Altri sospetti si addensano ora sulla gestione tutta politica della imminente consegna di Ratko Mladić alle autorità internazionali: nel “rapporto Ingrao”, continua Nicola Sessa su “PeaceReporter”, si legge che una speciale commissione, formata da personale statunitense, avrebbe avuto il generale Mladić “nel mirino” almeno 20 volte in un’epoca molto vicina ai giorni nostri. Si parla di un periodo di cinque mesi, che va dal febbraio al luglio 2006. Questa tendenza è stata confermata anche dal quotidiano serbo “Vecernje Novosti”: il premier svedese Carl Bildt, che all’epoca dei fatti ricopriva la carica di Alto Rappresentante Onu in Bosnia-Erzegovina, ha più volte asserito che i vertici militari statunitensi avrebbero bloccato ogni tentativo di arresto di Mladić e Karadzić da parte di olandesi e danesi.
Tutto questo non attenua – semmai, aggrava – il quadro nel quale maturò lo stermino di civili innocenti in tutta la Bosnia, dall’assedio di Sarajevo fino al martirio di Srebrenica, la “tomba” della dignità dell’Onu. I caschi blu – quelli che imbrattavano oscenamente le pareti della caserma, mostrando tutto il loro disprezzo per i bosniaci – non mossero un dito quando nella cittadina termale che avrebbero dovuto proteggere arrivarono i carri armati di Mladić. I caschi blu si sentivano colpevoli in partenza: avevano permesso a un miliziano bosniaco, Naser Orić, di attaccare il vicino villaggio di Kravica, facendo strage di serbi, a titolo di rappresaglia contro la feroce pulizia etnica inaugurata dalle forze di Belgrado. Quando Mladić riempì la caserma di Potocari di decine di migliaia di abitanti terrorizzati, ci fu un lungo momento di attesa: i serbi volevano essere certi che i caschi blu non avrebbero impedito il massacro. Così, Mladić fece sgozzare un maiale proprio sotto le finestre del comando Onu.
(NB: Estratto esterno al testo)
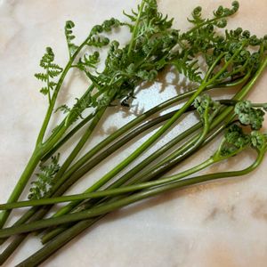 秋わらびです。 雨の切れ目に庭の見回りで、見つけた。 湯通しして、鰹節削りで。 取り立てだから、シャキッとしていて、ねっとり

Nessuno si mosse: era il segnale che la macelleria umana poteva iniziare.
Il martirio di Srebrenica spiega meglio di ogni altro episodio lo stupro subito dall’intera ex Jugoslavia, a partire dalla Bosnia. Parlano da sole le sterminate fosse comuni; parlano serbi, croati e bosniaci nel film “Rata Nece Biti” di Daniele Gaglianone, capolavoro assoluto premiato a Locarno. Una pellicola esemplare, che registra le ragioni di tutti per poi concludersi in una silenziosa, attonita pietà di teschi e femori, i tristi reperti dell’ossario di guerra messo insieme a Tuzla, dove medici volontari provano a rimettere insieme identità postume, civili finiti con un colpo alla nuca, donne falciate dai mitra dopo esser state violentate. Eppure, nel 2006 il ministro della difesa olandese ha decorato con 500 medaglie il “battaglione di pace” che avrebbe dovuto proteggere Srebrenica. Lo ha fatto per confortare quei poveri ragazzi, feriti moralmente dalle accuse ricevute. Erano loro, gli stessi autori di quei famosi graffiti murali: del resto, se “le ragazze bosniache puzzano”, come avrebbero potuto proteggerle?